In [None]:
# modules for research report
from datascience import *
import numpy as np
import random
%matplotlib inline
import matplotlib.pyplot as plots
plots.style.use('fivethirtyeight')

# module for YouTube video
from IPython.display import YouTubeVideo

# okpy config
from client.api.notebook import Notebook
ok = Notebook('music-final-project.ok')
_ = ok.auth(inline=True)

# Free Music Archive: A Dataset For Music Analysis

This dataset was introduced by Michaël Defferrard, Kirell Benzi, Pierre Vandergheynst, and Xavier Bresson at the International Society for Music Information Retrieval (MIR) Conference in 2017.
It has been cleaned for your convenience: all missing values have been removed, and low-quality observations and variables have been filtered out. A brief summary of the dataset, originally
given at the conference, is provided below. 

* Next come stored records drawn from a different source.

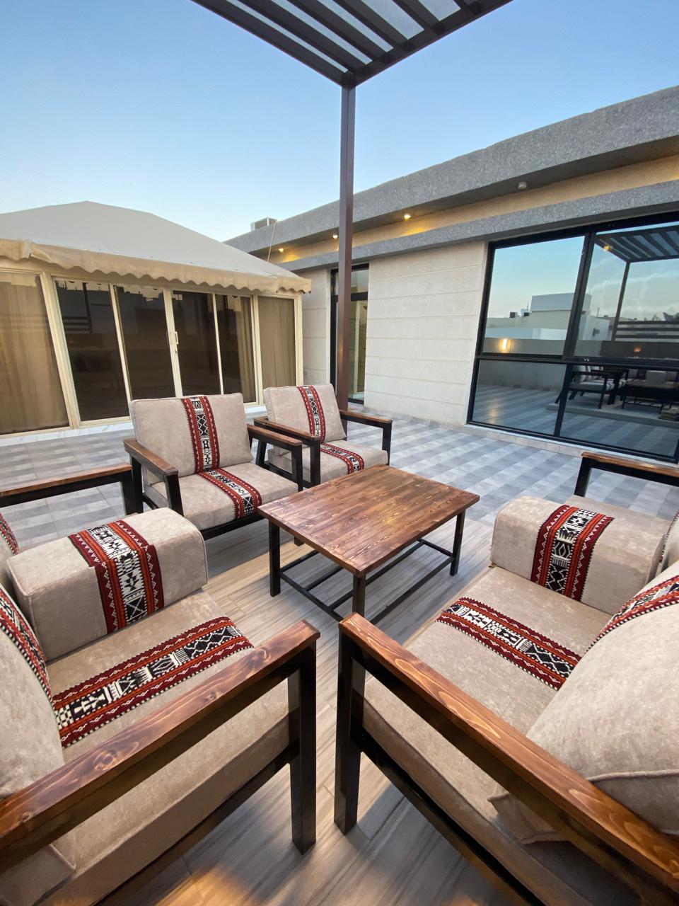 شقة بلو روم طراز فيكتوري بجلسة خارجيه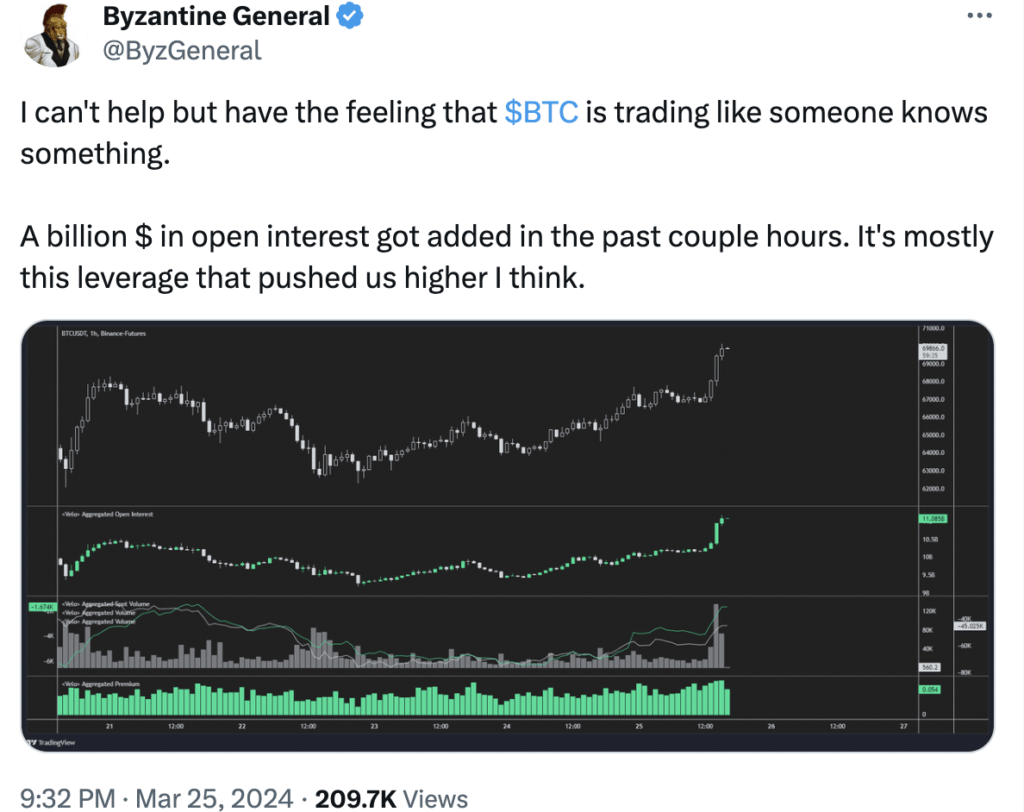 Bitcoin [BTC] has impressed huge optimism from merchants within the crypto area as the worth of BTC surged and reached the $70,000 stage.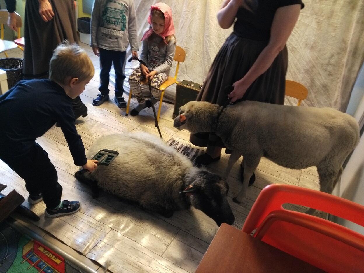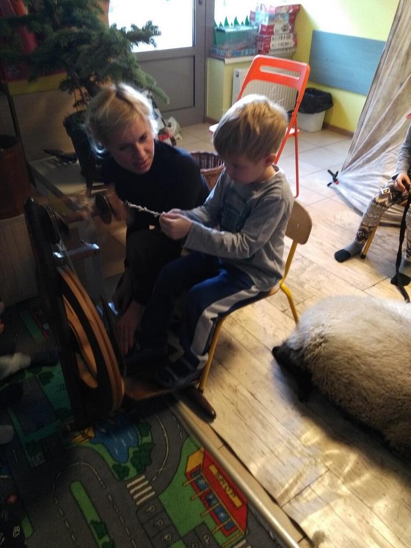 Runo jest prane tak, aby nie wypłukiwać zeń naturalnego tłuszczu, lanoliny. Dzięki niej wełna nie wchłania wilgoci. Czesanie wełny, albo, jak mawiają hodowcy, „gręplowanie”, umożliwia następnie przędzenie jej w jedną nić. Z nici powstają wełniane tkaniny. Robi się je ręcznie na drutach, albo tka. Przedszkolaki wspólnie z prowadzącymi, wykonywali bardzo ważne czynności przy obróbce wełny: myli ją, rozczesywali i przędli. Na koniec wszyscy marchewkami karmili Tosię i Amy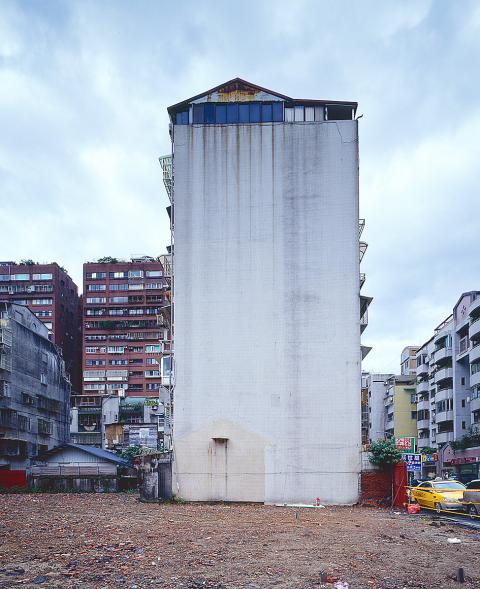 Taiwan’s ongoing development is similarly addressed by Chang Hsiao-chen (張小成). His images capture the manner in which a torn down structure imprints itself on the facade of other buildings that remain standing: the muddy silhouette of a small shack or the exposed brick outline of a demolished building. For Chang Hsiao-chen, the walls of a standing building serve as a metaphor for a headstone, the imprint its epitaph.
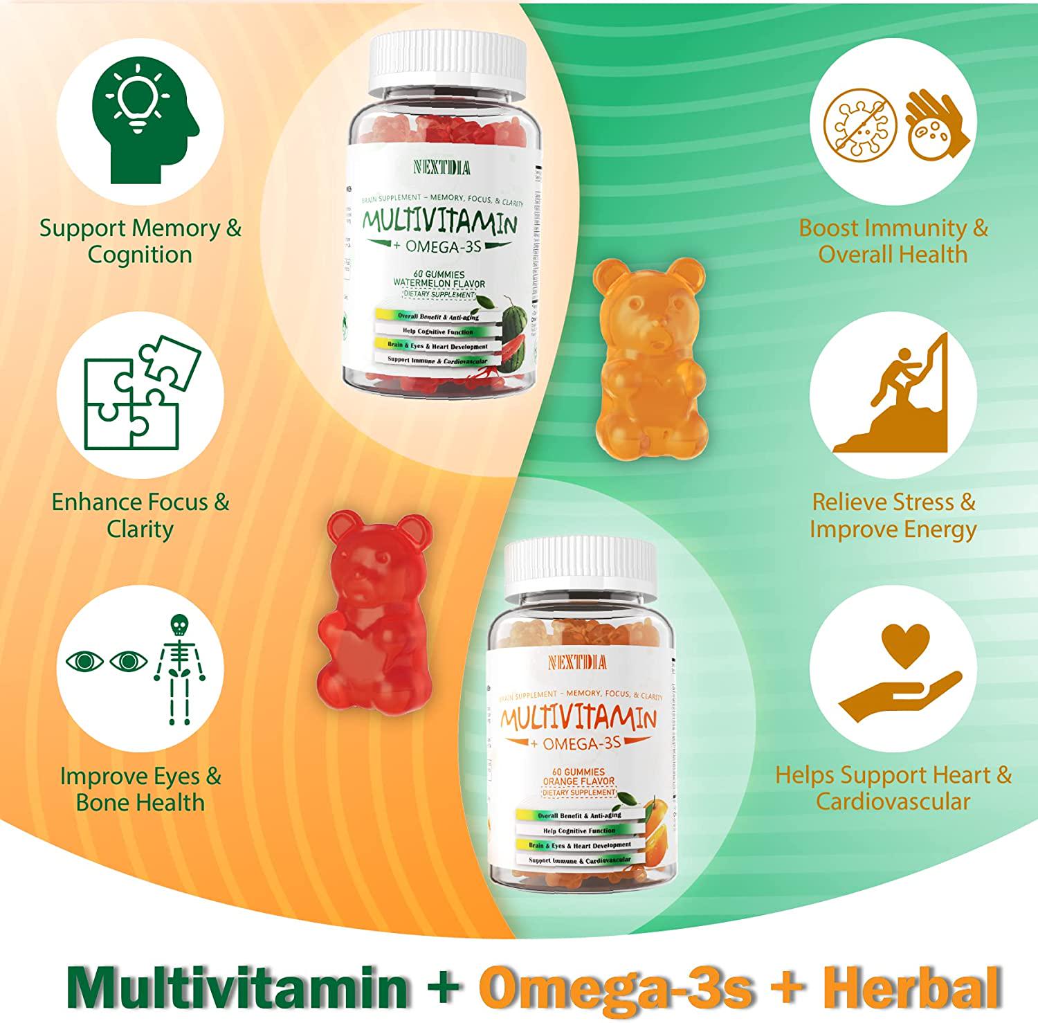 - ALL NATURAL + DELICIOUS TASTE: A pleasant alternative way for you to take the gummies as a dietary supplement, our omega 3 gummies with naturally watermelon flavored and naturally orange flavored not only do they taste good, but they help provide daily nutritional support. Without artificial colors or flavors, our yummy multivitamin supplement is safe for kids and adults.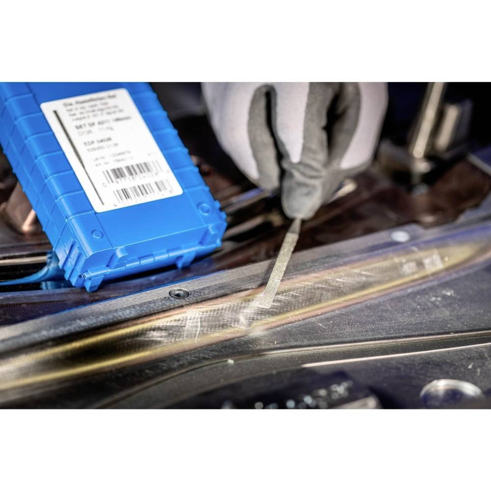 A gyémántszemcsés tűreszelő készleteket műanyag tokban szállítjuk, amely véd a korróziótól és a mechanikai sérülésektől. Ez ideális tárolást biztosít a szerszámtárolókon ill. a munkapadon.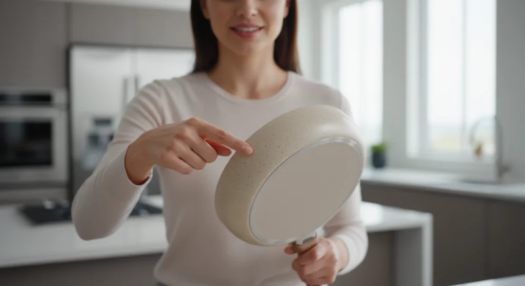 Observe sempre o fundo da panela: ele deve ser plano e robusto. Analise o revestimento, optando por modelos certificados, livres de substâncias tóxicas e com garantia de durabilidade. Verifique também se o cabo é resistente ao calor e se a tampa possui saída de vapor, recursos que aumentam a segurança no uso.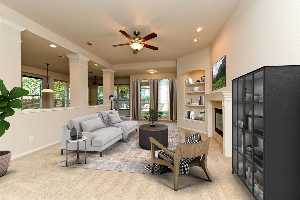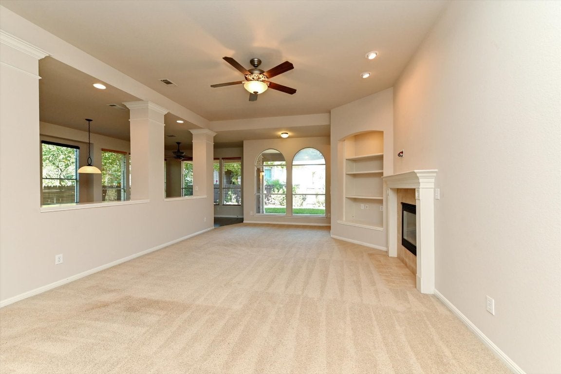Charming One-Story in The Preserve at Westside Buttercup Creek Welcome to this well-maintained, one-owner David Weekley “Fisher” floorplan, nestled in the highly sought-after Preserve at Westside Buttercup Creek. Just steps from Westside Elementary, this beautiful home is also close to two Owners’ Association pools, hike-and-bike trails, and cave preserve areas, making it ideal for nature lovers and active lifestyles. This thoughtfully designed one-story layout offers 3 bedrooms with an option for 4th bedroom conversion of the flex room, a dedicated separate office with French Doors, and a formal dining room highlighted by graceful arched brick columns that add a touch of Mediterranean elegance. A butler’s pantry connects the dining room to the open-concept gourmet kitchen, which boasts extensive cabinetry and overlooks the spacious main living area—perfect for entertaining. A central flex/game room separates the secondary bedrooms, creating a versatile space for work, play, or relaxation. The Fisher Plan also includes an option for an upstairs bonus room or fourth bedroom if expansion is desired. Enjoy the outdoors year-round on the large covered patio, and take advantage of the oversized garage with a bonus storage nook—great for a workshop or extra organization. Situated in an established community featuring a community pool and play area, and extra bonus is this is near the new Bell District and Cedar Park Library, this home combines modern comfort with access to Cedar Park’s best amenities. A true gem ready for move-in!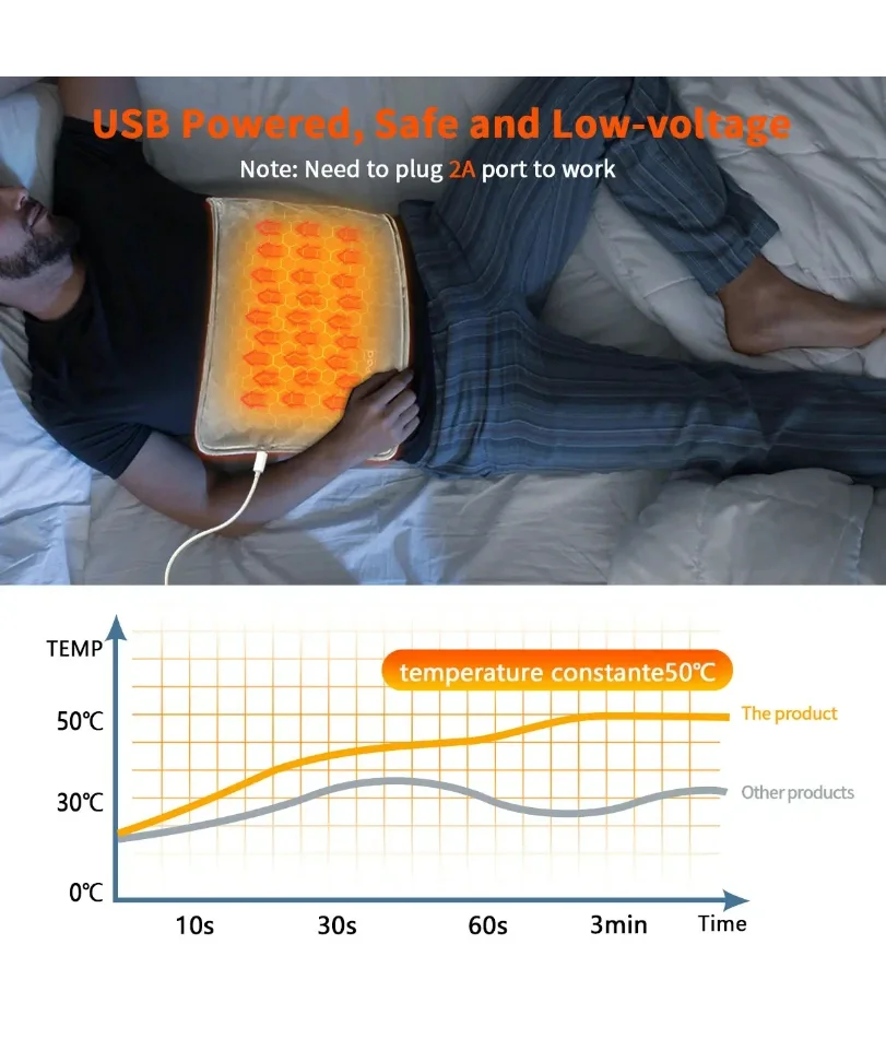 4,Beyond an essential warm artifact, this heating pad can be used to heating different parts of the body, such as hands, back, legs, waist, abdomen, etc.

**NB: You may not copy any public analyses of this dataset. Doing so will result in a zero.**

## Summary

>We introduce the Free Music Archive (FMA), an open and easily accessible dataset suitable for evaluating several tasks in MIR, a field concerned with browsing, searching, and
organizing large music collections. The community's growing interest in feature and end-to-end learning is however restrained by the limited availability of large audio datasets.
The FMA aims to overcome this hurdle by providing 917 GiB and 343 days of Creative Commons-licensed audio from 106,574 tracks from 16,341 artists and 14,854 albums, arranged in a
hierarchical taxonomy of 161 genres. It provides full-length and high-quality audio, pre-computed features, together with track- and user-level metadata, tags, and free-form text
such as biographies.

A small, random subset of this larger dataset is provided to you.

## Data Description

This dataset consists of three tables stored in the `data` folder:
1. `tracks` provides information on individual tracks.
2. `genres` contains information on all of the genres.
3. `features` contains information on the Spotify audio features of each track.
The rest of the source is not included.